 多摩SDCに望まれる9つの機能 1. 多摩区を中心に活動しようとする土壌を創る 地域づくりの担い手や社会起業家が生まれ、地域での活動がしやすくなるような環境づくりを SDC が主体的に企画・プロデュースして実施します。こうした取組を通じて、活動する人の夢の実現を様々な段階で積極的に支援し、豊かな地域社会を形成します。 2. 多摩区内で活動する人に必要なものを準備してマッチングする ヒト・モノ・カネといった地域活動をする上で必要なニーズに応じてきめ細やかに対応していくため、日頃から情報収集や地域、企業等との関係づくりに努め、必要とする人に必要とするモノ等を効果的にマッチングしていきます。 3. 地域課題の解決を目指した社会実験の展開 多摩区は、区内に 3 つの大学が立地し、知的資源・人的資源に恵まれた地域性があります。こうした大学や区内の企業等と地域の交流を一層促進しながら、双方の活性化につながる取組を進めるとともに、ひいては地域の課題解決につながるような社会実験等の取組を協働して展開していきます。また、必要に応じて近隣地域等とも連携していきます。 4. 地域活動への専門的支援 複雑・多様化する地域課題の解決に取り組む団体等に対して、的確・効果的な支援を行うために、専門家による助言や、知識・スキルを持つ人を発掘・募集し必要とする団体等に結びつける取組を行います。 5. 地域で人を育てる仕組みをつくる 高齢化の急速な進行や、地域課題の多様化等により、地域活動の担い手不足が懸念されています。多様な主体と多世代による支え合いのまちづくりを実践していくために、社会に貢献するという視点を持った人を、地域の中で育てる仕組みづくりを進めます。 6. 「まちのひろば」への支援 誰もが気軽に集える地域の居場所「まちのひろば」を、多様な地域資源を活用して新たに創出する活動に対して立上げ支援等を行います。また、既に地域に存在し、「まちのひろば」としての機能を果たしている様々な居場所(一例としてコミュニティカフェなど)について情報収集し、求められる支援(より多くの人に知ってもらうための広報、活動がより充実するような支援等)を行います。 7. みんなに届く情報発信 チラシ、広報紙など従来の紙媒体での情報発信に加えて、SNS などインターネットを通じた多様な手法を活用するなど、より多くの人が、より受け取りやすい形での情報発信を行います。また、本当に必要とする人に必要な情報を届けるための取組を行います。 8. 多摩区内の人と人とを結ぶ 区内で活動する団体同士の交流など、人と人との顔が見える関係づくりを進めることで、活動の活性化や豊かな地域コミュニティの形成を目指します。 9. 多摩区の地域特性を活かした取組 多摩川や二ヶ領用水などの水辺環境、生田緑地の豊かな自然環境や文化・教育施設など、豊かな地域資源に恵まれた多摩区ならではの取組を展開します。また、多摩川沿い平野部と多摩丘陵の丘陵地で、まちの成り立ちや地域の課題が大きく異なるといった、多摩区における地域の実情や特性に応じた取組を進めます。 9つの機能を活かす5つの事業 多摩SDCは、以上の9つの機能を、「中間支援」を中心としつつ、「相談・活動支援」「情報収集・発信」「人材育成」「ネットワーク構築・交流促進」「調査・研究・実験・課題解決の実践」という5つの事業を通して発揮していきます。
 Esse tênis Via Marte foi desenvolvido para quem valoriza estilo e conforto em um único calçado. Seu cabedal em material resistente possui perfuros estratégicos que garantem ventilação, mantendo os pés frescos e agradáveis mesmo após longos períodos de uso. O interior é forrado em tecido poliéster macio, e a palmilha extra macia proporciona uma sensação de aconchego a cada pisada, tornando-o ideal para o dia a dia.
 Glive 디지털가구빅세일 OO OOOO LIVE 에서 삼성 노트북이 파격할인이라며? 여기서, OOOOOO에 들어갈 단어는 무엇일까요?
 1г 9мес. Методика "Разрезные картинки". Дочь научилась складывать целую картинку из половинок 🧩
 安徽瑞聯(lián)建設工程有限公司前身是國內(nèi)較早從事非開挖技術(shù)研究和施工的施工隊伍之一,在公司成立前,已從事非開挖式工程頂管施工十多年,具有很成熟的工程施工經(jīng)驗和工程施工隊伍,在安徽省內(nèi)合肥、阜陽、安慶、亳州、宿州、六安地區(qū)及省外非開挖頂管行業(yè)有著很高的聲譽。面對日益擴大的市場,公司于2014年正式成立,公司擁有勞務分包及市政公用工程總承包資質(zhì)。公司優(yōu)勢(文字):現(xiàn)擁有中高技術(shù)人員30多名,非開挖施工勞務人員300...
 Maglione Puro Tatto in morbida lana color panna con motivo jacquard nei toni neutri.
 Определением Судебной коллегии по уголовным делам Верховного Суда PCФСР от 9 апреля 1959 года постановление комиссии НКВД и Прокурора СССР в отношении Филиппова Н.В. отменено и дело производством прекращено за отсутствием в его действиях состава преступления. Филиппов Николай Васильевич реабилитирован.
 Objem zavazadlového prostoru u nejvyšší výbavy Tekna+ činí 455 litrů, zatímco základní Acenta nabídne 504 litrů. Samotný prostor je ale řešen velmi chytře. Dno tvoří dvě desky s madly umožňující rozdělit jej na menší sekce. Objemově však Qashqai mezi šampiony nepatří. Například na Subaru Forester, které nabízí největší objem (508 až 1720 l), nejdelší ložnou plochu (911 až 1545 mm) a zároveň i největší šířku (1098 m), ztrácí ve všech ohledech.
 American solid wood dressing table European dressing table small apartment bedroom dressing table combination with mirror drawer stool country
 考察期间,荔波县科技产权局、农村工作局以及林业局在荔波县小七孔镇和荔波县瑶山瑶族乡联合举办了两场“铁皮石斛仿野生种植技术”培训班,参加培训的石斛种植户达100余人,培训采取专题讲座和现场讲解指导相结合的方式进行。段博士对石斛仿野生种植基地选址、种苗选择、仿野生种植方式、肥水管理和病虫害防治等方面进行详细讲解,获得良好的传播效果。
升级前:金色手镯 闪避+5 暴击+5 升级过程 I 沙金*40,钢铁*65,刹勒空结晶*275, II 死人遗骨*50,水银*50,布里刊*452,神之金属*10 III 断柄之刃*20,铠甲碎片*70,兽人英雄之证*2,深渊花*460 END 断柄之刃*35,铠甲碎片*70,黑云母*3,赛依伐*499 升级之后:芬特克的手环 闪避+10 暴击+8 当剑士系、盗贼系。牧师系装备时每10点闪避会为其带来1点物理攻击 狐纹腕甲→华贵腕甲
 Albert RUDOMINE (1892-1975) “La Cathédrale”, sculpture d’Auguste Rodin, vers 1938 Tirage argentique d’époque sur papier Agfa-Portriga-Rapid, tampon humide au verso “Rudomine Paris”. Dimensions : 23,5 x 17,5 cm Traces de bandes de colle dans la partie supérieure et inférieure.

--------------------------------------------------

- GOAL OF THE EXERCISE
Go through the material and set every line down again exactly.

- SOLUTION TO THE EXERCISE
 多摩SDCに望まれる9つの機能 1. 多摩区を中心に活動しようとする土壌を創る 地域づくりの担い手や社会起業家が生まれ、地域での活動がしやすくなるような環境づくりを SDC が主体的に企画・プロデュースして実施します。こうした取組を通じて、活動する人の夢の実現を様々な段階で積極的に支援し、豊かな地域社会を形成します。 2. 多摩区内で活動する人に必要なものを準備してマッチングする ヒト・モノ・カネといった地域活動をする上で必要なニーズに応じてきめ細やかに対応していくため、日頃から情報収集や地域、企業等との関係づくりに努め、必要とする人に必要とするモノ等を効果的にマッチングしていきます。 3. 地域課題の解決を目指した社会実験の展開 多摩区は、区内に 3 つの大学が立地し、知的資源・人的資源に恵まれた地域性があります。こうした大学や区内の企業等と地域の交流を一層促進しながら、双方の活性化につながる取組を進めるとともに、ひいては地域の課題解決につながるような社会実験等の取組を協働して展開していきます。また、必要に応じて近隣地域等とも連携していきます。 4. 地域活動への専門的支援 複雑・多様化する地域課題の解決に取り組む団体等に対して、的確・効果的な支援を行うために、専門家による助言や、知識・スキルを持つ人を発掘・募集し必要とする団体等に結びつける取組を行います。 5. 地域で人を育てる仕組みをつくる 高齢化の急速な進行や、地域課題の多様化等により、地域活動の担い手不足が懸念されています。多様な主体と多世代による支え合いのまちづくりを実践していくために、社会に貢献するという視点を持った人を、地域の中で育てる仕組みづくりを進めます。 6. 「まちのひろば」への支援 誰もが気軽に集える地域の居場所「まちのひろば」を、多様な地域資源を活用して新たに創出する活動に対して立上げ支援等を行います。また、既に地域に存在し、「まちのひろば」としての機能を果たしている様々な居場所(一例としてコミュニティカフェなど)について情報収集し、求められる支援(より多くの人に知ってもらうための広報、活動がより充実するような支援等)を行います。 7. みんなに届く情報発信 チラシ、広報紙など従来の紙媒体での情報発信に加えて、SNS などインターネットを通じた多様な手法を活用するなど、より多くの人が、より受け取りやすい形での情報発信を行います。また、本当に必要とする人に必要な情報を届けるための取組を行います。 8. 多摩区内の人と人とを結ぶ 区内で活動する団体同士の交流など、人と人との顔が見える関係づくりを進めることで、活動の活性化や豊かな地域コミュニティの形成を目指します。 9. 多摩区の地域特性を活かした取組 多摩川や二ヶ領用水などの水辺環境、生田緑地の豊かな自然環境や文化・教育施設など、豊かな地域資源に恵まれた多摩区ならではの取組を展開します。また、多摩川沿い平野部と多摩丘陵の丘陵地で、まちの成り立ちや地域の課題が大きく異なるといった、多摩区における地域の実情や特性に応じた取組を進めます。 9つの機能を活かす5つの事業 多摩SDCは、以上の9つの機能を、「中間支援」を中心としつつ、「相談・活動支援」「情報収集・発信」「人材育成」「ネットワーク構築・交流促進」「調査・研究・実験・課題解決の実践」という5つの事業を通して発揮していきます。
 Esse tênis Via Marte foi desenvolvido para quem valoriza estilo e conforto em um único calçado. Seu cabedal em material resistente possui perfuros estratégicos que garantem ventilação, mantendo os pés frescos e agradáveis mesmo após longos períodos de uso. O interior é forrado em tecido poliéster macio, e a palmilha extra macia proporciona uma sensação de aconchego a cada pisada, tornando-o ideal para o dia a dia.
 Glive 디지털가구빅세일 OO OOOO LIVE 에서 삼성 노트북이 파격할인이라며? 여기서, OOOOOO에 들어갈 단어는 무엇일까요?
 1г 9мес. Методика "Разрезные картинки". Дочь научилась складывать целую картинку из половинок 🧩
 安徽瑞聯(lián)建設工程有限公司前身是國內(nèi)較早從事非開挖技術(shù)研究和施工的施工隊伍之一,在公司成立前,已從事非開挖式工程頂管施工十多年,具有很成熟的工程施工經(jīng)驗和工程施工隊伍,在安徽省內(nèi)合肥、阜陽、安慶、亳州、宿州、六安地區(qū)及省外非開挖頂管行業(yè)有著很高的聲譽。面對日益擴大的市場,公司于2014年正式成立,公司擁有勞務分包及市政公用工程總承包資質(zhì)。公司優(yōu)勢(文字):現(xiàn)擁有中高技術(shù)人員30多名,非開挖施工勞務人員300...
 Maglione Puro Tatto in morbida lana color panna con motivo jacquard nei toni neutri.
 Определением Судебной коллегии по уголовным делам Верховного Суда PCФСР от 9 апреля 1959 года постановление комиссии НКВД и Прокурора СССР в отношении Филиппова Н.В. отменено и дело производством прекращено за отсутствием в его действиях состава преступления. Филиппов Николай Васильевич реабилитирован.
 Objem zavazadlového prostoru u nejvyšší výbavy Tekna+ činí 455 litrů, zatímco základní Acenta nabídne 504 litrů. Samotný prostor je ale řešen velmi chytře. Dno tvoří dvě desky s madly umožňující rozdělit jej na menší sekce. Objemově však Qashqai mezi šampiony nepatří. Například na Subaru Forester, které nabízí největší objem (508 až 1720 l), nejdelší ložnou plochu (911 až 1545 mm) a zároveň i největší šířku (1098 m), ztrácí ve všech ohledech.
 American solid wood dressing table European dressing table small apartment bedroom dressing table combination with mirror drawer stool country
 考察期间,荔波县科技产权局、农村工作局以及林业局在荔波县小七孔镇和荔波县瑶山瑶族乡联合举办了两场“铁皮石斛仿野生种植技术”培训班,参加培训的石斛种植户达100余人,培训采取专题讲座和现场讲解指导相结合的方式进行。段博士对石斛仿野生种植基地选址、种苗选择、仿野生种植方式、肥水管理和病虫害防治等方面进行详细讲解,获得良好的传播效果。
升级前:金色手镯 闪避+5 暴击+5 升级过程 I 沙金*40,钢铁*65,刹勒空结晶*275, II 死人遗骨*50,水银*50,布里刊*452,神之金属*10 III 断柄之刃*20,铠甲碎片*70,兽人英雄之证*2,深渊花*460 END 断柄之刃*35,铠甲碎片*70,黑云母*3,赛依伐*499 升级之后:芬特克的手环 闪避+10 暴击+8 当剑士系、盗贼系。牧师系装备时每10点闪避会为其带来1点物理攻击 狐纹腕甲→华贵腕甲
 Albert RUDOMINE (1892-1975) “La Cathédrale”, sculpture d’Auguste Rodin, vers 1938 Tirage argentique d’époque sur papier Agfa-Portriga-Rapid, tampon humide au verso “Rudomine Paris”. Dimensions : 23,5 x 17,5 cm Traces de bandes de colle dans la partie supérieure et inférieure.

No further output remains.